Изобрести современность. Эссе об актуальном искусстве - Линда Нохлин
***
Один из возможных способов начать изучение новаторских идей молодых импрессионистов в области портретной живописи — это рассмотреть тему мастерской художника. Топос художника, работающего в своей мастерской, будь то в одиночку или с друзьями, коллегами-художниками и сторонниками, традиционно использовался прогрессивными художниками как способ заявить о своих целях и достижениях.

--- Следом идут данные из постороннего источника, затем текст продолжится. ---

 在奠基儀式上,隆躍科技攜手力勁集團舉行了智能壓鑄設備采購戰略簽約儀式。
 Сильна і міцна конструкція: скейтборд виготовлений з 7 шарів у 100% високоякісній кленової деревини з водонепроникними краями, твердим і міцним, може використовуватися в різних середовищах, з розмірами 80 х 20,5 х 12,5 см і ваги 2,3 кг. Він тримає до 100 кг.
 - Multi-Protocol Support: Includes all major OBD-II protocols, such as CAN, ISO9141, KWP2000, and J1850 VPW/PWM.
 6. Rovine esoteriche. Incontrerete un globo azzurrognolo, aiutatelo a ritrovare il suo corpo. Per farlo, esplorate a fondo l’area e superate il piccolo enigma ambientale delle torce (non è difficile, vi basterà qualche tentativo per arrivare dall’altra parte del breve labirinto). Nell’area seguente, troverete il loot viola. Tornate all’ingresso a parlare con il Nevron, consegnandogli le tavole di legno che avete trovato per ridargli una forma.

В XIX веке был предложен целый ряд вариантов: от относительной формальности группового портрета художников Луи-Леопольда Буайи «Вечеринка художников в мастерской Изабэ» (Салон 1798 года) до откровенной провокационности и многозначительных противопоставлений «Мастерской художника» (1855) Гюстава Курбе, снабженной подзаголовком «реальная аллегория», и программного натурализма «Мастерской в Батиньоле» (1870) Анри Фантен-Латура, на которой Отто Шольдерер, Ренуар, Закари Астрюк, Эмиль Золя, Эдмон Мэтр, Базиль и Моне довольно нерешительно собрались вокруг Мане, который сидит за мольбертом и, по-видимому, работает над портретом Астрюка[466].

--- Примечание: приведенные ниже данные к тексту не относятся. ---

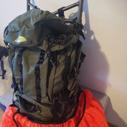 Vihreä rinkka 70 l, jossa pehmustetut olkaimet ja vyötärövyö tukemaan kantamista. Repussa useita taskuja ja kiristysremmejä tavaroiden kiinnittämiseen ja säätämiseen. Sopii retkeilyyn ja ulkoiluun.
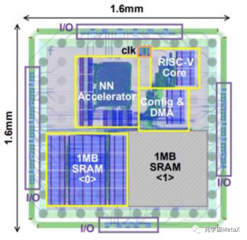 “測試芯片采用7nm制程,具有神經網絡加速器,由1024乘法累加陣列、2MB片上SRAM和32位RISC-V CPU組成。”研究人員說。
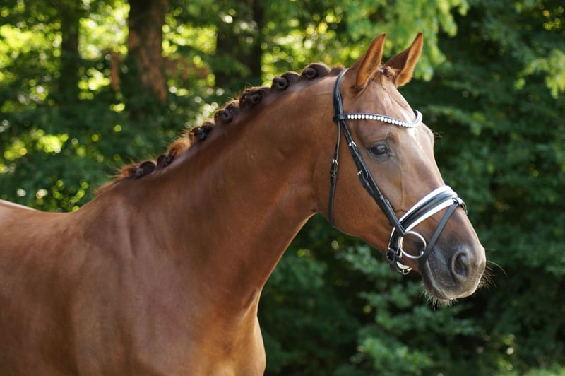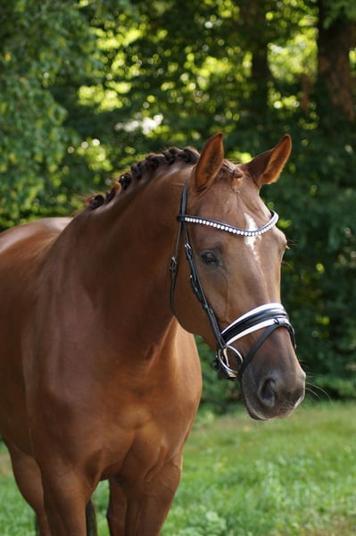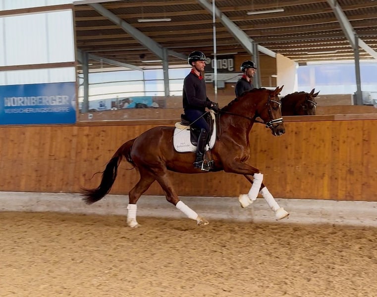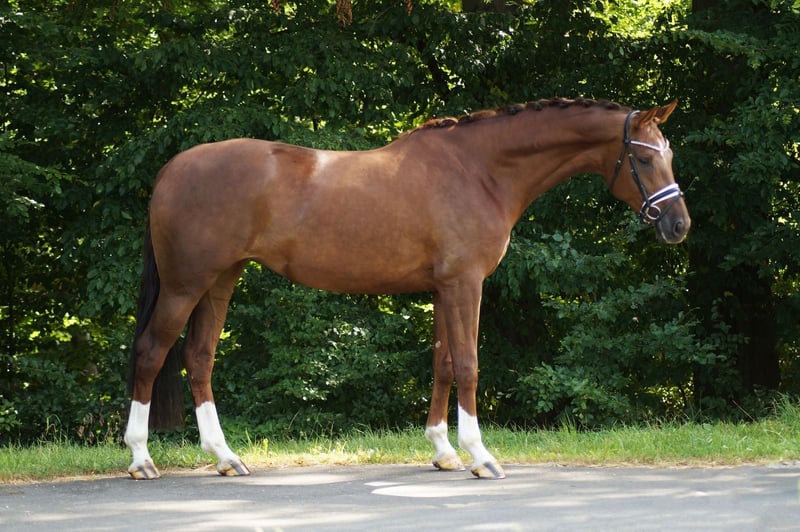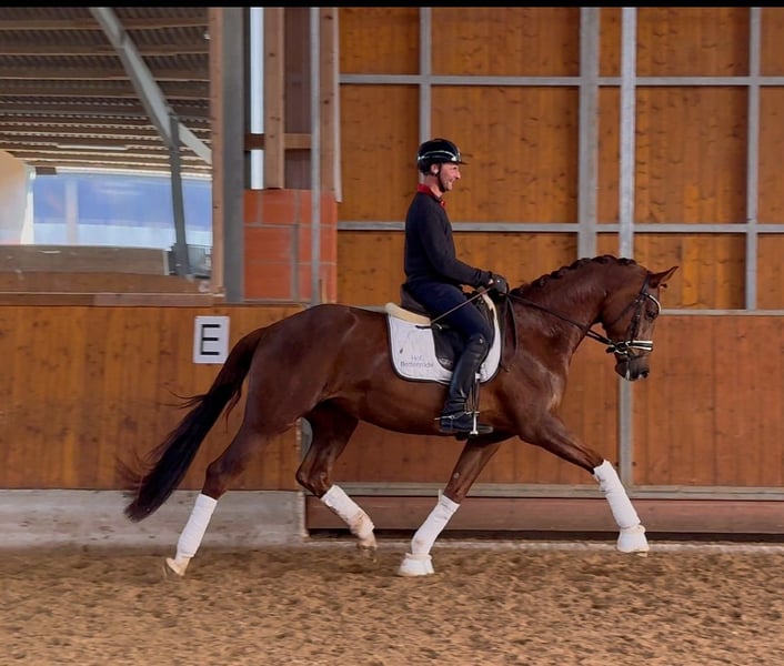 Pippa is a 4-year-old dark chestnut mare with a height of approximately 168cm - a true talent for movement with a great future in dressage. She is currently at riding horse level. Descending from Dynamic Dream, she shows a lot of push from the hindquarters, a canter that goes uphill, as well as impressive movement quality in all three basic gaits. She is developing further every day and is eager to learn from her rider. She captivates at first sight - with expression, elasticity, and potential for the big arena. A horse that leaves you in awe.

87 Фредерик Базиль. Мастерская на рю ла Кондамин. 1870. Холст, масло. 98 × 128,5 см
«Мастерская на рю ла Кондамин» (рис. 87) Фредерика Базиля, групповой портрет художников в привычной им обстановке, с его подчеркнутой неформальностью и явным отсутствием программных намерений, знаменует собой новый этап. Непринужденно позирующие обитатели мастерской Базиля говорят о состоянии новаторского искусства и художниках нечто совершенно иное, чем то, что подразумевает более искусственная и элегантная расстановка персонажей Буайи. Никто из присутствующих молодых художников, похоже, не осознает того факта, что его изображают, — никто не позирует, и всё кажется непреднамеренным, будто зритель только что случайно увидел группу художников (не всех из них можно с уверенностью идентифицировать) в гостях у их друга и коллеги. В группу входят высокий Базиль перед мольбертом, портрет которого пишет Мане (акт, символизирующий сотрудничество между художниками); слева от Базиля жестикулирует сам Мане; слева от Мане — либо Моне, либо Астрюк; на лестнице — Золя или Моне, а снизу вверх на него смотрит Альфред Сислей или Ренуар; справа Мэтр играет на фортепиано. При ближайшем рассмотрении эта композиция, разумеется, оказывается столь же продуманной, как и любая другая группа, изображенная в мастерской. И, как и «Мастерская художника» Курбе, картина Базиля (независимо от того, насколько она отличается в других отношениях) передает визуальное сообщение о культивируемых художниками ценностях — как эстетических, так моральных и социальных. Топос мастерской художника всегда подразумевает подтекст, который, по сути, гласит: «Мы избранные; манера, в которой написана картина, такова, какой и должна быть живопись; характер нашего собрания имеет особое значение с точки зрения социальных отношений между художниками и с точки зрения отношения художника к публике». Здесь можно было бы отметить, что мир творчества у Базиля по-прежнему подчеркнуто мужской. Единственные женщины, присутствующие в его мастерской, — это обнаженные фигуры на висящих на стене картинах, «Купальщицах» и «Туалете» Базиля, которым противопоставлена более необычная для него мужская обнаженная фигура — «Рыбак с сетью» слева.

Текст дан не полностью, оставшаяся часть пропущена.